Люда постояла, покусала губы — в мать упрямая, в отца молчаливая. Пошла к машине, у дверцы обернулась:

— Таблетки чтоб пил по часам. И тонометр вам новый привезу, ваш — рухлядь. — Подумала и добавила, по-докторски сурово: — На крышу пусть Толика зовёт. Услышу, что сам полез, — всё. Заберу и голубей, и его.

Это у неё называлось — сдаться.

***

К концу июля у пары вывелись свои птенцы — двое, как у голубей положено. Кольца на лапки Гриша надел те самые, из кисета. Долго стоял потом над гнездом, держал кисет на ладони, как взвешивал. «Дождались», — сказал не то птенцам, не то кольцам. Голубку он теперь звал Беглянкой: пускай, мол, помнит, за ней должок.

Молодых, кузьмичовских, начали приучать к небу: сперва на крышу сарая, на разлёт, потом — первый нагон. Тот первый раз Раиса запомнила как праздник и как страх разом. Гриша выпустил молодёжь утром, по холодку. Птицы вспорхнули вразнобой, бестолково, пошли над двором кругом — раз, другой, — и тут от соседних дворов потянула чужая стая, и молодые шарахнулись к ней, в чужой хвост. У Гриши закаменела спина. Он не закричал и не замахал. Он взял жестяную миску и застучал по ней ложкой — мерно, звонко: обед, обед, обед. И стая вильнула, рассыпалась, вспомнила — и посыпалась вниз, на свою крышу, к своей миске.

— Все, — сказал Гриша, пересчитав. Сел на лавку, миску держал на колене, как награду. — Все до одного. С нашего неба никто не ушёл.

***

В августе, в воскресенье, Люда заехала с утра — обещанный тонометр везла. Подошла к калитке и остановилась.

Над двором, над антеннами, над всей Полевой улицей стоял столб птиц.
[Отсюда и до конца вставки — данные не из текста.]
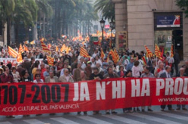 2007.- Manifestació multitudinària de més de 70.000 persones, segons l’organització, per a commemorar els 300 anys de la desfeta d’Almansa i en defensa del País Valencià.
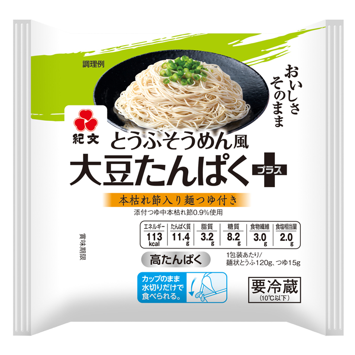 | ■栄養成分 | 1包装あたり ◎1包装あたり(麺状とうふ、つゆ含む) エネルギー:113kcal、たんぱく質:11.4g、脂質:3.2g、炭水化物:11.2g(糖質:8.2g、食物繊維:3.0g)、食塩相当量:2.0g ◎麺状とうふ(120g)あたり エネルギー:93kcal、たんぱく質:10.7g、脂質:3.2g、炭水化物:7.0g(糖質:4.0g、食物繊維:2.9g)、食塩相当量:0.009g サンプル品分析による推定値 |

Винтом, всё выше и выше — а на самой вышине птица падала через голову, кувырком, и снова взмывала, и у всякого, кто смотрел, сердце обмирало и тоже летело. Посреди двора приплясывал Сенька со здоровенным шестом — на шесте моталось голубое с ромашками. А у сарая, запрокинув голову, ладонь козырьком, стоял дед — спина прямая, как в сорок лет.

— Деда! Деда, гляди, этот опять кувырнулся! Вот этак — через голову!

— А ты как думал. Турман. Ему положено.

И тут Гриша заложил два пальца в рот и свистнул. Длинно, остро, разбойно — на всю улицу, на весь белый свет. Собаки по дворам, поди, сели и задрали головы. Раиса на крыльце прижала к фартуку миску с зерном, и сердце у неё сделало то же, что турман в вышине: кувыркнулось через голову — и снова в полёт. Тридцать четыре года она этого свиста не слышала.

Люда стояла у калитки тихая-тихая. Потом подошла к отцу и сказала — не докторским голосом, а тем, каким в детстве просилась на ручки:

— Пап. А меня научишь? Свистеть.

— Тебя? — Гриша посмотрел на дочь, прищурился, и в глазах у него прыгали те самые искры — с крыши, из юности. — Тебя научу. Наука нехитрая. Главное в ней, дочка, чтоб было для кого свистеть.

Сенька дёргал бабушку за рукав:

— Бабушк, а бабушк! А деда всегда так умел?

— Всегда, Сенюшка, — сказала Раиса. — Всегда умел. Просто долго не свистел.

А над двором, набирая высоту, ходила кругами Гришина стая — и было ей куда возвращаться.